Harry woke up sharply, gasping. Another nightmare memory. It was all true, all real. That was part of what made it so horrifying. When he woke up, it wasn't just a dream. His friends were dead. Fred, George and Hermione were all still alive and well, but they were the only ones. The only ones who really knew him anyway.

The clock down in the hallway on the landing – the same one that had chimed the hour just before he went to sleep – chimed again now, calling out in soft tones that it was now five in the morning. Four hours sleep. Harry sighed and picked up the book from his bedside table.

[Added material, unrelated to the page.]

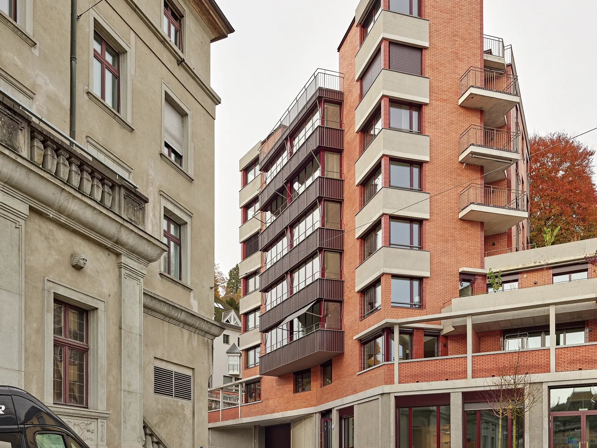 Im begehrten Bellerive-Quartier in Luzern entstand eine elegante Stadtvilla mit gemauerter Klinkerfassade und einem Kupferdach. Fixit durfte den Sichtmörtel Fixit 987 in beigeweiss liefern.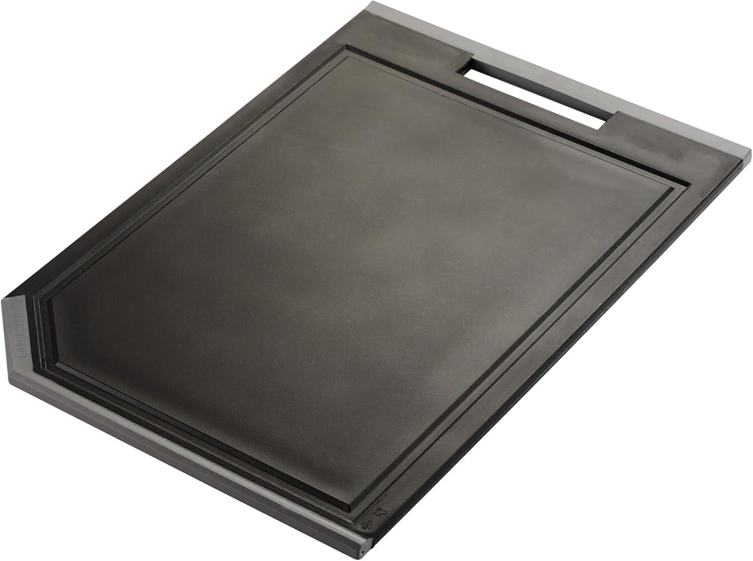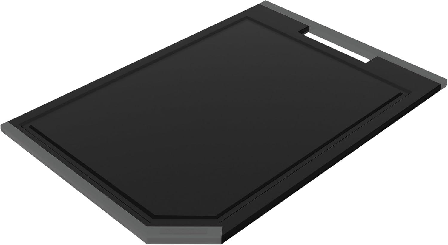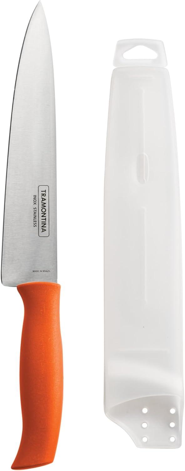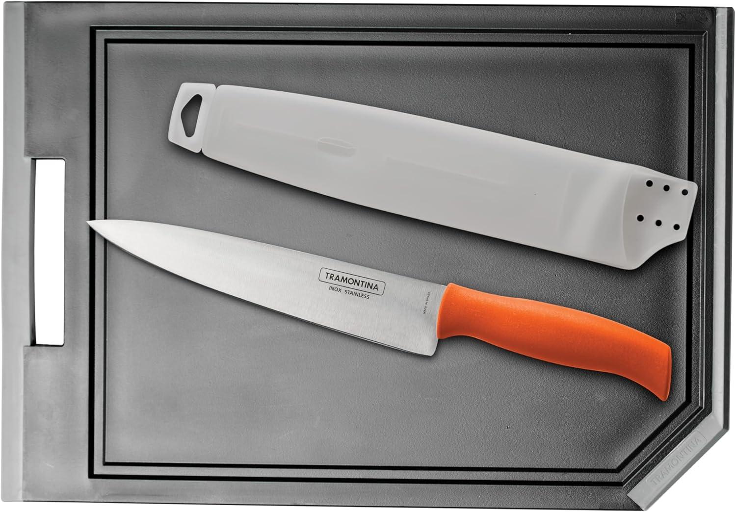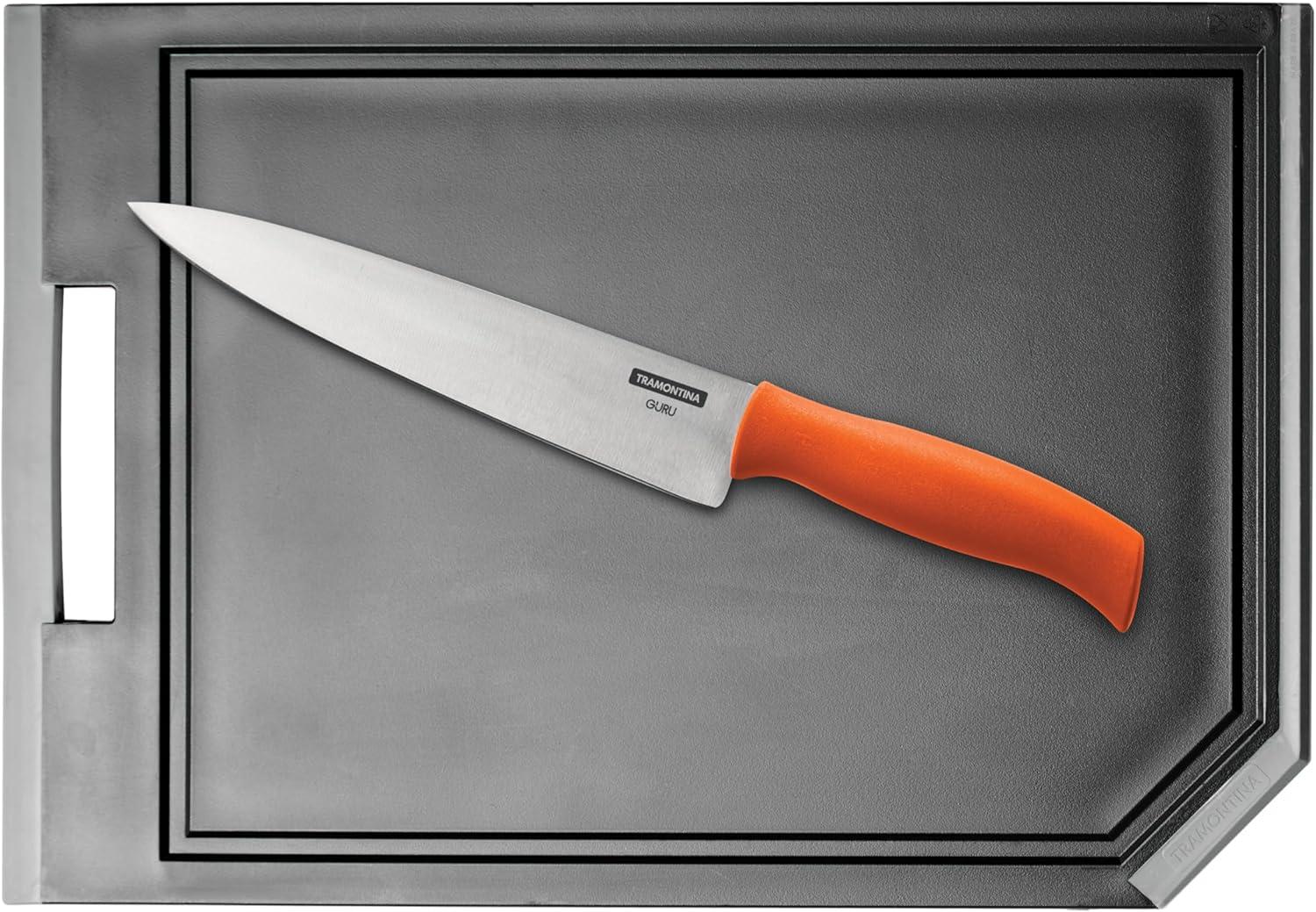 Before powering up your Guru smart induction cooktop, chop, slice, dice and mince your ingredients quickly and easily with the Guru Essential Knife and Cutting Board Prep Set. The 8 in chef's knife, constructed from tough, corrosion-resistant AISI 420 stainless steel, features a durable, molded grip and a plastic blade protector to maintain a sharp cutting edge. The 17 in X 12 in black polypropylene cutting board features a juice groove to keep your work surface clean and tidy, and a built-in handle with a comfortable thermoplastic rubber grip. Made in Brazil and China.

He was nearly finished it. He'd have to go and see what else the shops had once they opened.

Finishing the book on quantum physics – fact was always stranger than fiction, even if fiction had a better plot – Harry finally got out of bed, stripping it and gathered his linens and dirty clothes into a bundle before heading down the stairs towards the laundry. Stopping at the library along the way, Harry slipped the book into place among the others of its kind before he continued down the hallway. Glancing at the clock, it now read ten past six in the morning. That was at least slightly more reasonable of an hour for someone to be awake.

"Good morning Master Potter," Pip greeted, finishing juicing the four oranges that Harry had bought the previous day for just that purpose. They shared the juice, and then got to work.

The laundry washed and hanging out to dry, Harry left Pip to do what the house elf did best – take care of everything else – he was going to buy another book.

~oOo~

An owl was waiting for Harry by his front door when he got back to the house – perched on a post that was stuck there for a plant to grow up. There was, as he had expected, a letter tied to its leg.

"Harry Potter, one of the Potter-Black residences, UK," he read out, taking the letter and giving the owl a treat from the pot he kept of them just inside the door – never knew when mail would come, and the owls appreciated it after a long night flying.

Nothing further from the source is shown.